Rebeliones

Babel es sinónimo de rebelión. Bueno, en realidad es sinónimo de “confusión”, pero hablamos de rebelión porque Dios tuvo que intervenir en el intento de independizarse, creerse superiores, llegar a las alturas, pretender ser dioses.

Pero Babel también es símbolo de determinación, de visión, de dejar de lado las diferencias para unirse detrás de una idea, una meta.

Estos días estaba leyendo, con un poco de dolor y nada de sorpresa, como una vez más las ambiciones políticas y la falta de visión impiden actuar en unidad para derrotar ideologías retrógradas (o sea, más de lo mismo y volver a empezar)

Babel muestra que la unidad puede hacer cosas increíbles, por ejemplo que hasta Dios se preocupe, ¿se asustó?

Dios se preocupó por lo que estaba pasando y se tuvo que meter para evitar lo que hubiera sido inevitable: que lo saquen de en medio. Bueno, la perseverancia del hombre es incomparable y no mucho tiempo después, lo sacaron del medio.

Génesis 11:6 dice: «Esta gente es una sola, y todos ellos tienen un solo lenguaje. Ya han comenzado su obra, y ahora nada los hará desistir de lo que han pensado hacer.»

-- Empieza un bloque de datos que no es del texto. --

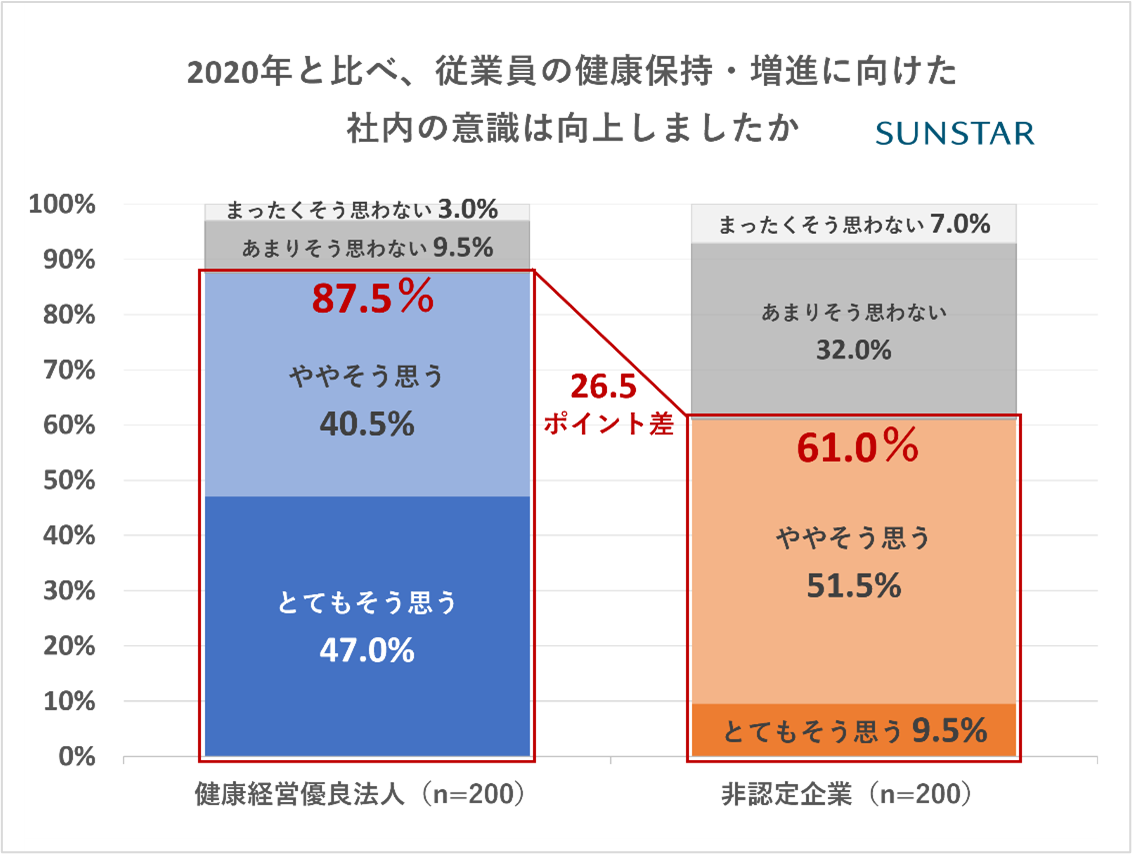 ①健康経営優良法人では、2020年と比べ、人事・総務担当者の約9割(87.5%)が“従業員の健康保持・増進に向けた社内の意識が向上した”と感じている一方で、非認定企業では6割(61.0%)にとどまり、26.5ポイントの差に

“…nada los hará desistir de lo que han pensado hacer” Sí. Me animo a pensar, a arriesgar, que Dios se preocupó. No era la primera que vez el humano, esa raza inferior creada con aires de superioridad, se cortaba sola y traía problemas. Adán olvidó sus responsabilidades. Eva no tuvo contención. Caín fue el primer Judas. Matusalén se las dio de patriarca. Noé se emborrachó. Ahora no iba a volver a pasar lo mismo.

¿Te das cuenta de lo que podés llegar a ser y hacer si tan solo dejás de lado las diferencias?

¿Te das cuenta del poder que está a tu alcance si tan solo te enfocás en una meta?

¿Te das cuenta de la capacidad que tenés para hacer y alcanzar si tan solo te determinás a hacerlo?

Cada vez que te enfocás en tus limitaciones, desperdiciás tu potencial.
Cada vez que ignorás tus capacidades, limitás tu potencial.
Cada vez que usas tus habilidades sin involucrar a Dios, estás haciendo que él intervenga para frenar tu ambición.

Creé en lo que Dios te dio.
Confiá en lo que podés hacer, con Dios.
Involucrá a Dios en todos tus planes, reconociéndolo en tus caminos.
Y te espera una vida de logros, alcance y plenitud.